Senti o gosto, senti na pele, senti na alma, senti! A morte me fascinou, me mostrou tanto, que ainda estou vivo para sentir de novo, não da mesma forma, não comigo. Aprendi a ter um apreço maior por minha vida, e estou decidido a inspirar a mesma apreciação em outros que assim como eu não a valorizaram. Voltei àquela estrada, caminhei sozinho. Na frente tive a sorte de encontrar um carro, o motorista me levou até a cidade. Ficou preocupado, mas eu disse a ele que estava bem e que resolveria tudo sozinho. Não retornei a minha casa. Na cidade tem um antigo edifício em que funcionava uma metalúrgica. O lugar já foi abandonado há muito tempo e quase não passa ninguém por lá. À noite, fica muito sombrio e é costume na cidade os moradores não rondarem por aquelas ruas muito tarde. Sei que tem muito espaço, servirá muito bem como minha residência, pois pretendo me alojar lá até tudo ficar mais calmo. Os detetives e policiais não sabem se estou vivo e tão cedo saberão. Não posso simplesmente aparecer, então continuarei escondido, estudando, esperando, até que chegue a hora. Os médicos não sabem quanto tempo durarei, eu muito menos. Prepararei o lugar para que possa me acomodar e cuidar de minha saúde. Mas, sei que terei tempo bastante para promover a mudança. Estou sedento. A morte me escolheu. Ela está em mim.

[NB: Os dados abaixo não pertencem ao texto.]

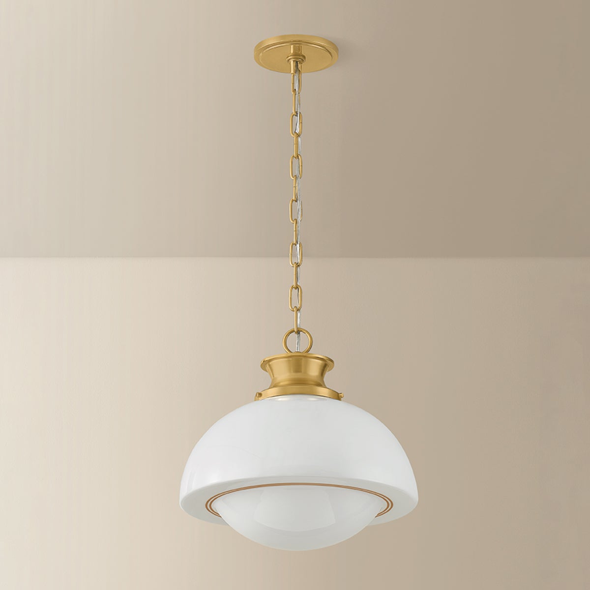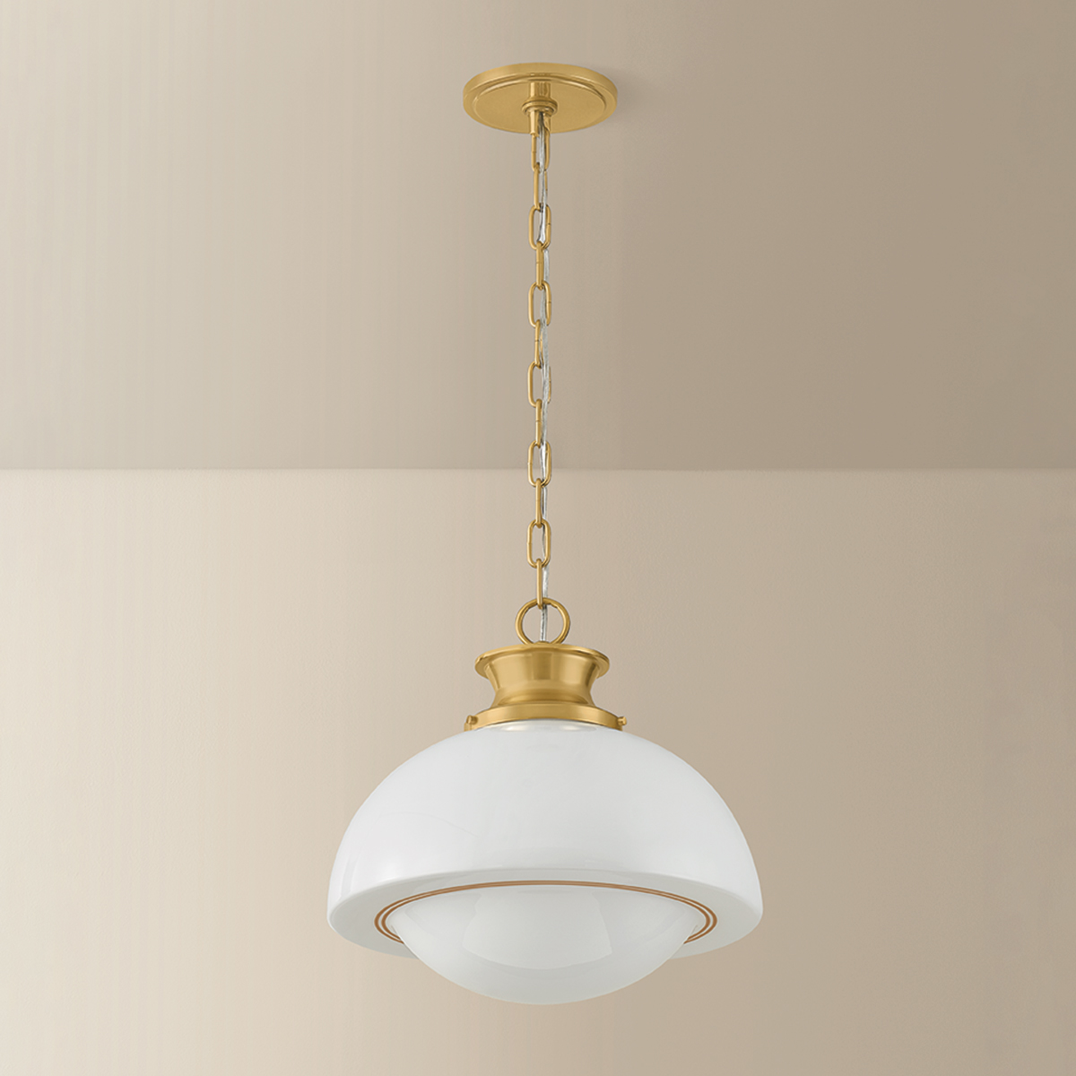 Inspired by retro silhouettes, Celine calls on mid-century style with a twist. The domed spot-plated opal glass shade glows softly, diffusing light evenly throughout the entire form. Thin gold pinstripes trace the shade, giving shape to the edges. This sophisticated everyday staple is available as a 1-light semi-flush in two sizes and as a pendant.

Estou pronto para testar a vontade de viver das pessoas. Muitos assim como aquele bandido que matou meu filho é somente um peso para o mundo, vivendo de forma medíocre, semeando erros. Tenho que saber quanto vale a vida de cada um, e qual preço eles pagarão por ela. E nessa trajetória, no âmago de minha lucidez, percebo que terei minha família de volta. Estou feliz, pois logo nos juntaremos para sempre. Minha Amanda já não me vê há semanas. Talvez imagine que eu esteja morto. Mal sabe que irei visitá-la em breve.

Já é madrugada e todos dormem em paz nas suas casas. Eu estou novamente com ela, vejo-a dormindo tão lindamente, coberta em lençóis negros que entendo como uma homenagem a mim sob forma de luto. Então meus pensamentos declaram que logo estarei com eles: minha esposa e meu filho. Mas, antes de fazê-la partir beijo-a como um gesto de despedida e com um golpe finalizo a história. Vejo o vermelho líquido pintando o chão, tomando traços de uma obra prima, simbolizando o amor, que assim como a morte alimenta os fracos e os torna mais fortes.